True Story by Emmjay

Look, it was a well-motivated decision.  Tough year on the family side – let’s get away so we don’t have to face Christmas here.  And how about somewhere warm and swimmy ?  And well, Australia is booked out, full of sharks and too expensive.  And well, Bali …. How much would you trust the Indonesian security, police and court systems ?  No, me neither.

So on a whim (and with the sound of Radio Birdman’s Aloha Steve and Danno ringing in my ears) we booked a 10 day stay at the Ilikai Hotel at the top end of Waikiki.

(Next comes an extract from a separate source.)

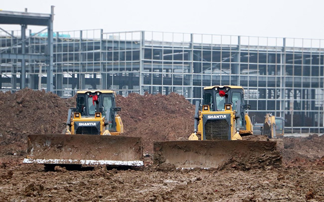 山推DH17-C2推土機(jī)等工作于南京某建筑工地,山推推土機(jī)駕駛方便、靈活,工作效率高、油耗低。濕地履帶很好的適應(yīng)南方潮濕泥濘的工作場景,駕駛舒適、視野寬闊,客戶口碑極好,回購率一直很高。
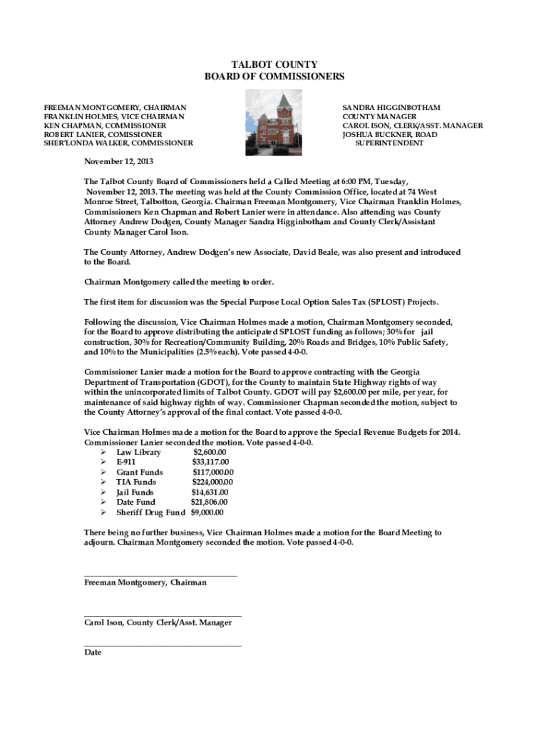 TALBOT COUNTY BOARD OF COMMISSIONERS FREEMAN MONTGOMERY, CHAIRMAN FRANKLIN HOLMES, VICE CHAIRMAN KEN CHAPMAN, COMMISSIONER ROBERT LANIER, COMISSIONER SHERLONDA WALKER, COMMISSIONERSANDRA HIGGINBOTHAM

This was my first mistake – Christmas is when the school holidays are on…. and the cheap seats are massively booked out.  Now, noise cancelling headphones can  do a pretty fair job of drowning out the engines, but they are powerless to deal with infants who seem unable to cope with decompression at take-off and compression on landing.  My god.  No, let me help you change that nappy.  No it’s no trouble, I was going to throw up anyway.

But wait… there were more mistakes to come….

Our second mistake was a decision that Jetstar cattle class was tolerable – especially since each ticket was $900 cheaper than the QANTAS flight which left five minutes earlier.  Fortunately the good people at Flight Centre had included catering and entertainment options.

For those of us unfamiliar with Jetstar catering or non-catering, let’s just say that DIY snacks would be a major improvement.  Truly awful, stone cold or incandescently hot curry-like things.  And the coffee at dinner time was included, but not at any other time.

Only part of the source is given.